Saturday, 12 February 2011


Last Wednesday I went for a midnight walk along the shingle beaches of the Estuary. It had been a beastly day, cold, cloudy, damp, but the night was warm and pleasant. Everywhere there was cloud except over the Estuary. Even out at sea it was cloudy but over the Estuary there was a circle of clear sky. Above Exeter was low cloud and the lights of the city were reflected by the cloud bank which glowed golden. In the circle of light over the river the stars shone brightly. Orion dominated. There was a moon, at its first quarter. There was a planet, Jupiter?, to the South. Orion was not lying up and down the Estuary as in my scurrilous verses. He was lying aslant, across the water, his head towards the East.

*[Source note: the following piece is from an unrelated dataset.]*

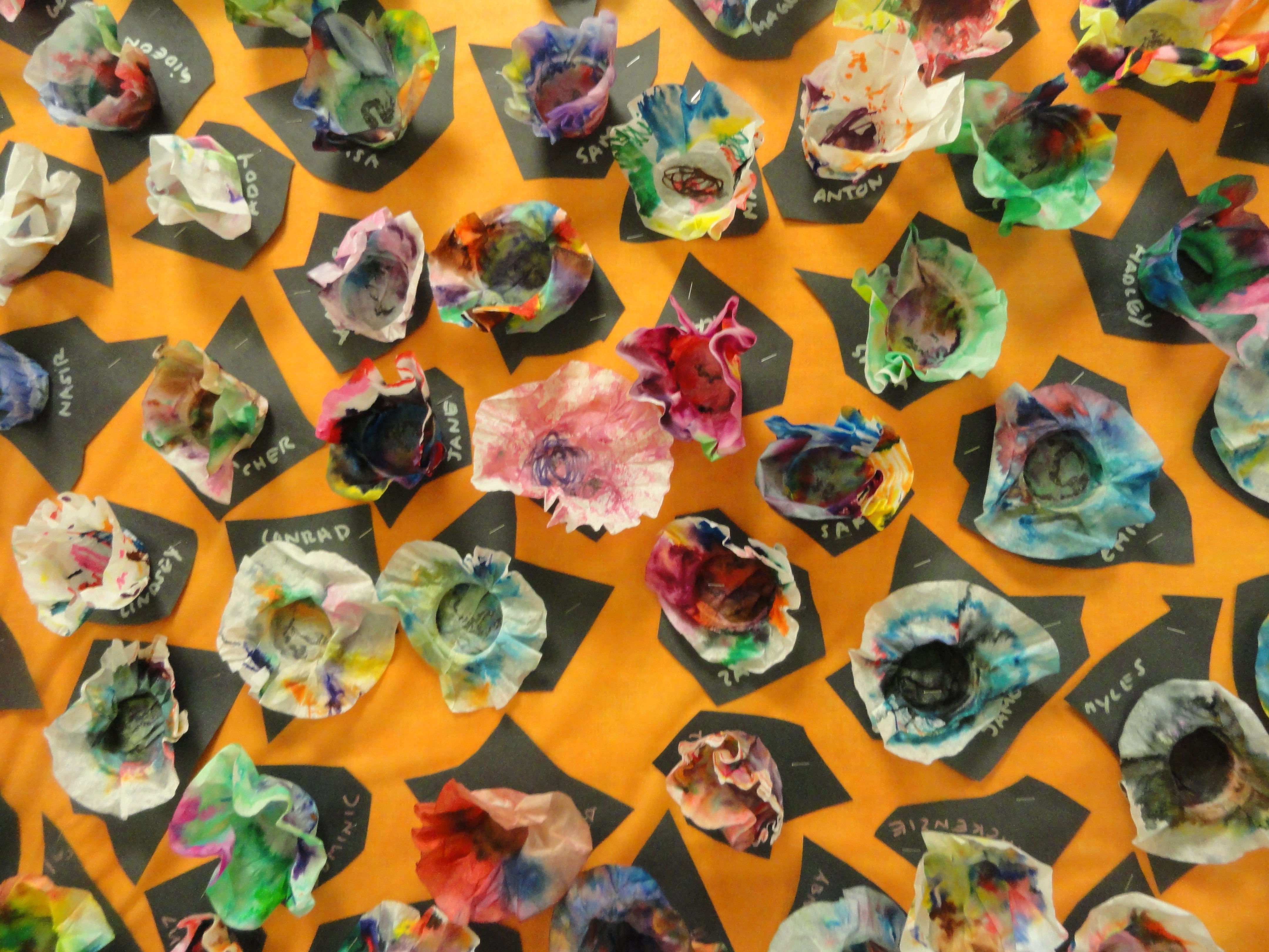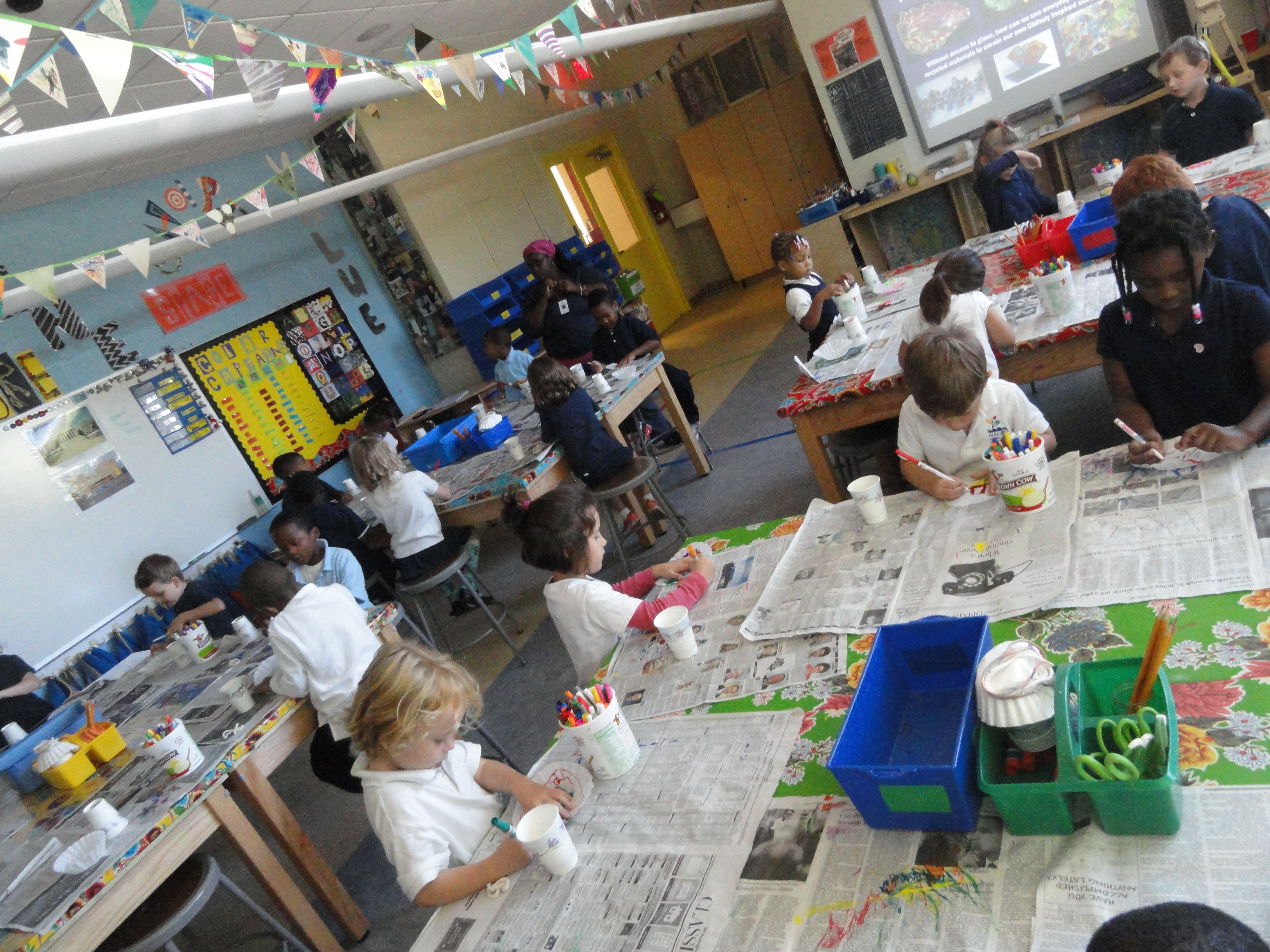 Mini Chihuly artists hard at work. These kindergartners in Mrs. Vick’s class are at the early stages of their artistic process. They begin by coming up with complicated color combinations for their macchia.

This clear sky over the Estuary is such a regular phenomenon there must be some reason for it. Day and night it occurs and sometimes the pattern of cloud and clear seems to mirror the geography of the coastline. For this reason the Estuary is often a grand place from which to gaze at stars. For another reason too! There is a lot written these days about light pollution. There is too much light and we do not see the stars. The Estuary, however, a mile wide and many miles long bestows a dark sky to all who care to look. The stars shine brighter . The moon and the planets shine brighter. One is never nearer the night sky than when one is in a small boat, without lights, in the middle of the Estuary.